(THE DATA)

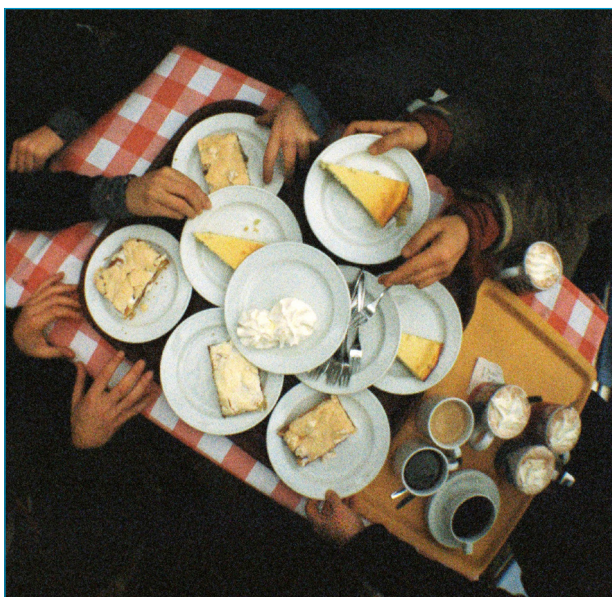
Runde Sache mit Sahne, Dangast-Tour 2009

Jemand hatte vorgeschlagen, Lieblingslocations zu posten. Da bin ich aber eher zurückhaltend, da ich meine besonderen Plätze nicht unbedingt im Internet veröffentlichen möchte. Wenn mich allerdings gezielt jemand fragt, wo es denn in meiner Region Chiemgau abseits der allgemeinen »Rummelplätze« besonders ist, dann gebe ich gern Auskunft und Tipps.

(End THE DATA)
(THE DATA)

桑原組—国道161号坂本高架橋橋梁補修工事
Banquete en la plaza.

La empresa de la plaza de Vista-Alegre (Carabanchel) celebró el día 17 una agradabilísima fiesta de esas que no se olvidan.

(End THE DATA)
(THE DATA)

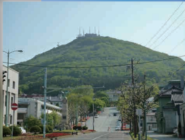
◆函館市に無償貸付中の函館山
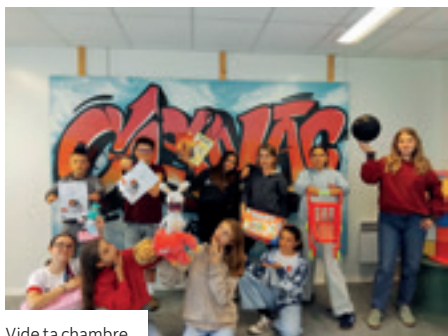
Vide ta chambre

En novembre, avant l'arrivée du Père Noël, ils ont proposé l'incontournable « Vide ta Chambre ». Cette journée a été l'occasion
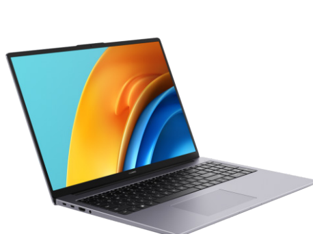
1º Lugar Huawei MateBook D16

(End THE DATA)

EXERCISE DIRECTIONS – Filter the data down to the lines that contain the string "plaza", and copy them.

ANSWER SPACE –
Banquete en la plaza.
La empresa de la plaza de Vista-Alegre (Carabanchel) celebró el día 17 una agradabilísima fiesta de esas que no se olvidan.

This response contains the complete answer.